#### EXERCISE DIRECTIONS:
Leaving the pictures aside, repeat every line below exactly.

DATA below:

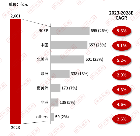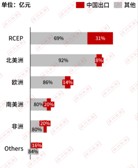 2023年中國變壓器出口業(yè)績占比分布為RCEP57.0%、歐洲12.3%、北美洲12.0%、南美洲9.0%、非洲7.2%、其他2.5%。在全球各地區(qū)中,中國出口的變壓器產品在RCEP地區(qū)中占比最高,占比為31%,南美、非洲地區(qū)占比為20%。
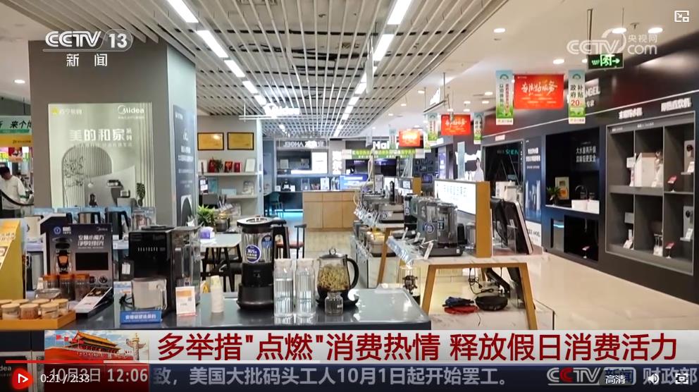 央視網消息:國慶假期開啟,消費市場也迎來了旺季。各地紛紛加大力度滿足節日市場供給、保障好節日需求。同時,創新供給方式、推出新的消費場景、加大文旅產品供應,加力推進消費品以舊換新,進一步激活市場。
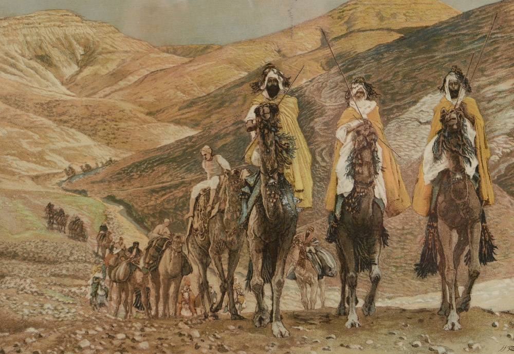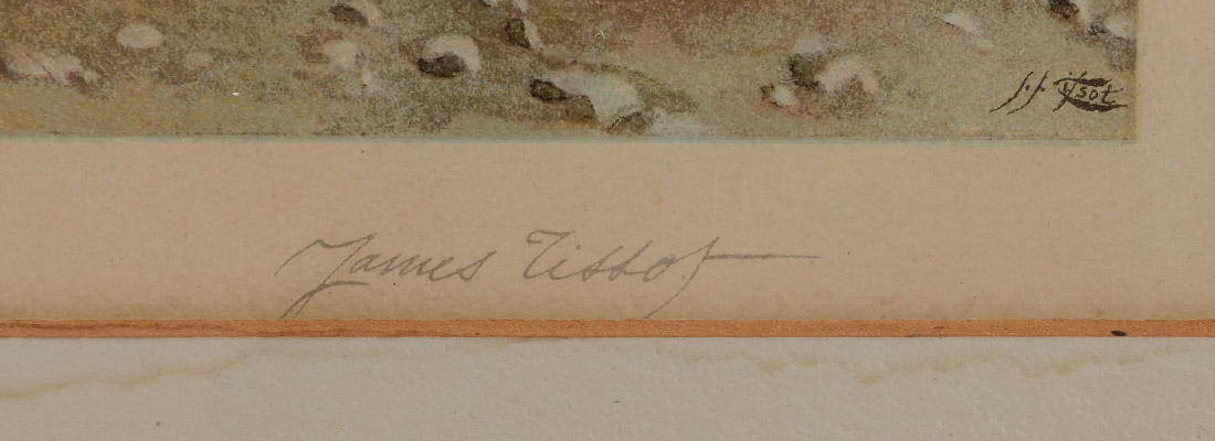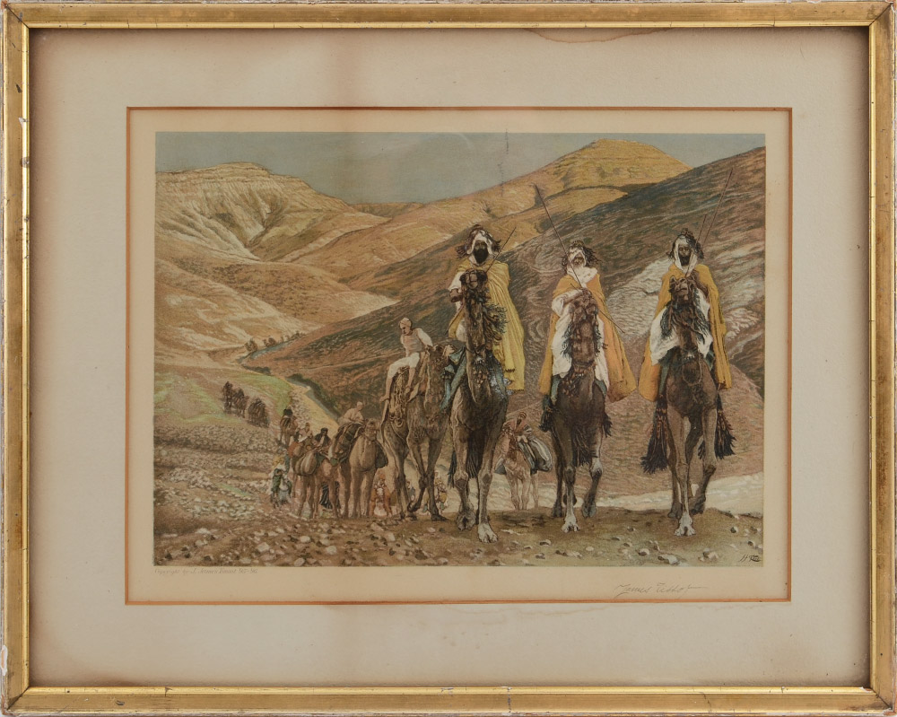 TISSOT, James, (French, 1836-1902): Arab Riders in a Caravan on Camels, Lithograph, sight size 9'' x 12 1/4'', pencil signed lower right, framed, 13'' x 16 1/2''.

End of DATA.

#### WRITTEN RESPONSE:
 2023年中國變壓器出口業(yè)績占比分布為RCEP57.0%、歐洲12.3%、北美洲12.0%、南美洲9.0%、非洲7.2%、其他2.5%。在全球各地區(qū)中,中國出口的變壓器產品在RCEP地區(qū)中占比最高,占比為31%,南美、非洲地區(qū)占比為20%。
 央視網消息:國慶假期開啟,消費市場也迎來了旺季。各地紛紛加大力度滿足節日市場供給、保障好節日需求。同時,創新供給方式、推出新的消費場景、加大文旅產品供應,加力推進消費品以舊換新,進一步激活市場。
 TISSOT, James, (French, 1836-1902): Arab Riders in a Caravan on Camels, Lithograph, sight size 9'' x 12 1/4'', pencil signed lower right, framed, 13'' x 16 1/2''.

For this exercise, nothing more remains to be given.